Type: Law Bulletins
Date: 03/20/2020

COVID-19 and OSHA Injury and Illness Recordkeeping and Reporting Requirements

Whether an employee infected with COVID-19 constitutes an illness that must be recorded on an employer’s OSHA 300 log will, in most cases, turn on whether the employee’s exposure to the virus and resulting infection are “work-related” within the meaning of OSHA’s injury and illness recordkeeping and reporting rule (29 C.F.R. Part 1904). 

According to OSHA, “COVID-19 can be a recordable illness if a worker is infected as a result of performing their work-related duties. However, employers are only responsible for recording cases of COVID-19 if all of the following are met: (1) The case is a confirmed case of COVID-19 (see CDC information on persons under investigation and presumptive positive and laboratory-confirmed cases of COVID-19); (2) The case is work-related, as defined by 29 CFR 1904.5; and (3) The case involves one or more of the general recording criteria set forth in 29 CFR 1904.7 (e.g. medical treatment beyond first aid, days away from work).” 

If an employee is symptomatic, but not yet a confirmed case, then it is not recordable, and there is no need to evaluate work-relatedness. For any confirmed case, treatment protocols will very likely result in the general recording criteria being met (i.e., days away from work at the very least, and likely medical treatment beyond first aid), so the key to determining recordability is whether the employee’s infection with COVID-19 is work-related, or whether the employee was exposed in the work environment (which is anywhere the employee is performing work-related duties). If the employee is exposed outside the work environment and signs or symptoms later manifest or surface when the employee is present in the workplace, the illness is not work-related and thus not recordable.

It may not be possible to determine the precise time and location of an employee’s exposure to the virus, but employers should do a case-by-case assessment to determine whether the facts and circumstances indicate a likelihood of exposure in the work environment.

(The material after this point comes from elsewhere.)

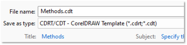 Save the resulting file in an easily accessible place as file type CDRT/CDT – CorelDraw Template (*.cdrt, *.cdt). Edit the default file extension if necessary to name the file exactly “Methods.cdt”

This assessment should take into account various factors, including but not limited to:

  1. The nature of the work environment and the type of work performed.
  2. The extent of personal interaction in the workplace and risk of person-to-person spread.
  3. Whether there are known cases in the community.
  4. Whether there are other known cases within the company or work environment.
  5. Whether the employee has recently traveled to other communities (taking into account the location and mode of travel).
  6. Whether the employee lives with an infected individual.
  7. Whether the employee has engaged in any other known activity outside of work that presents an exposure risk.

Healthcare workers are generally viewed to be at a higher risk of work-related exposure than non-healthcare workers. If an employee becomes infected while working from home or telecommuting, work-relatedness will depend on whether the exposure was directly related to the performance of work (e.g., coming in contact with an infected individual while conducting an in-person meeting) as opposed to the general home environment or setting (e.g., the employee lives with an infected individual).

If the above criteria for recordability are met, the case may also be reportable to OSHA (or an applicable state plan) if it results in a fatality or an in-patient hospitalization of at least one employee. To be reportable, a fatality must occur within 30 days of the work-related event or exposure that resulted in the COVID-19 infection. Similarly, a hospitalization must occur within 24 hours of the work-related event or exposure to be reportable. These time limits may vary under certain state plans (such as Kentucky OSH, which does not recognize these time limits but allows slightly longer reporting windows).